Susan told her story. She and her elder brother had been orphaned at a very early age—or else they had been born on the wrong side of the blanket. Whichever it was, they had been taken into care by the county authority and, later, Susan had been separated from her brother, fostered, and then adopted by the late vicar of Axehead, Abbots Bay, and Abbots Crozier. When his wife died she had looked after the ageing man, and on his retirement in favour of a younger incumbent had moved with him into a local cottage, which he had since left to her by will. She had continued to live in the cottage after his death.

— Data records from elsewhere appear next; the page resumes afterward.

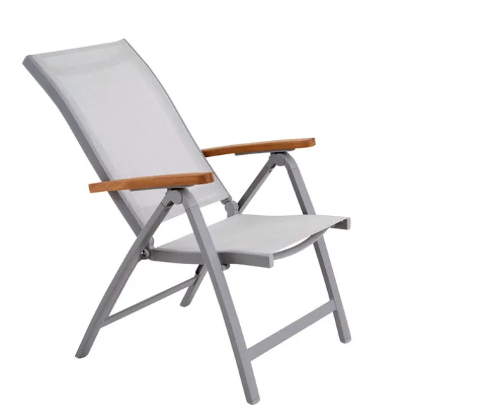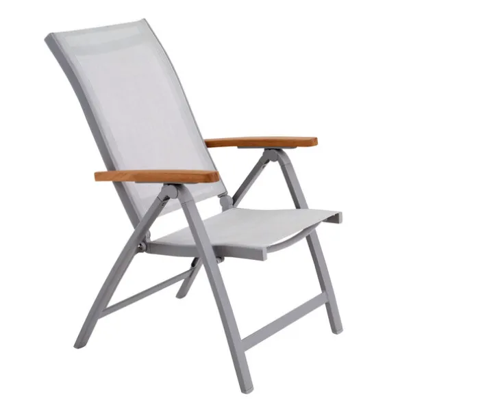 Der Garten Positionsstuhl SALZBURG zeigt sich in einem modernen Hellgrau und kreiert mit seiner hohen Lehne und den Armlehnen eine gemütliche Sitzgelegenheit für den Garten.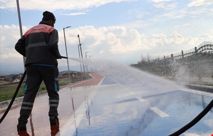 bu kapsamda şehir merkezi, bisiklet ve yürüyüş yolunda yıkama çalışması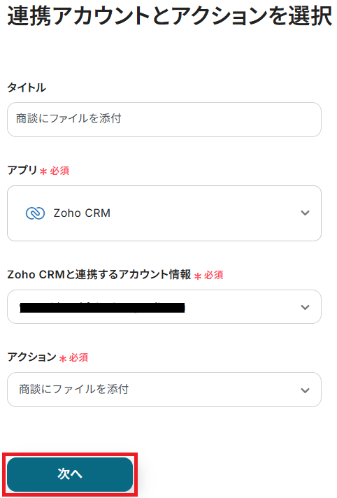 アクションは「商談にファイルを添付」のまま「次へ」をクリック。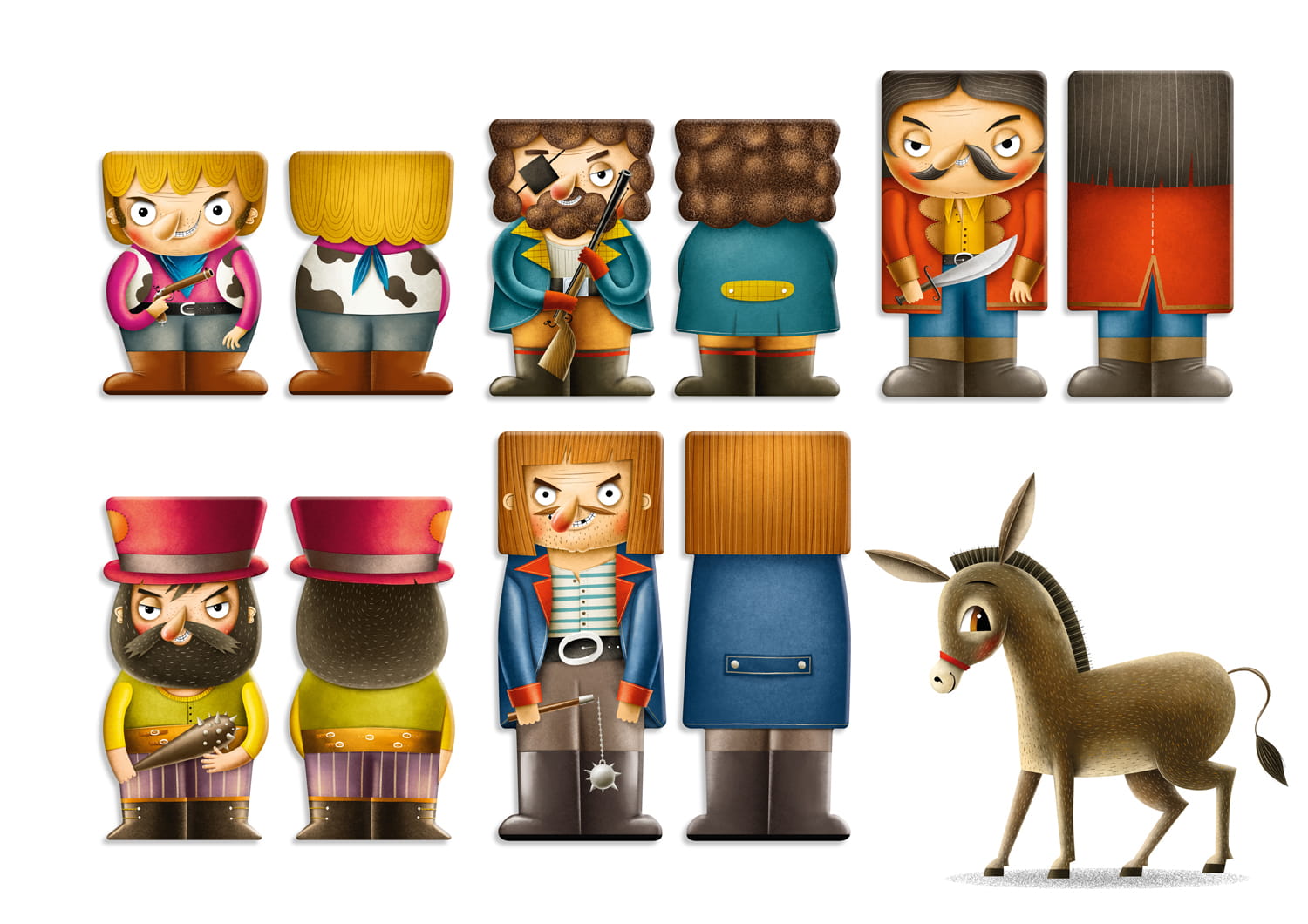 Niestety na ich drodze pojawili się rozbójnicy… Sprytne zwierzęta wymyśliły świetny sposób, by zbójów wystraszyć: stanęły jeden na drugim i zaczęły ryczeć wniebogłosy.

What money he left also came to her and, although it was not much, it brought her a tiny income which she had eked out by doing casual work, sometimes fruit picking or other harvesting jobs, sometimes as a domestic help, sometimes working in the hotels in Abbots Bay and Abbots Crozier.
“So you knew all about the Rant sisters before you joined them,” said Dame Beatrice.
“I knew their father got himself a bad name because a couple of his patients died. There was a lot of trouble about one of them in particular. You hear so much gossip when you go from one job to another, as I was doing. There were rumours that Dr. Rant had had to leave his practice in the Midlands for much the same kind of reason and, of course, that story blossomed and it was suspected that the Midlands patient had been conned into leaving him her money. You never know where scandalmongering will stop when once tongues start wagging.”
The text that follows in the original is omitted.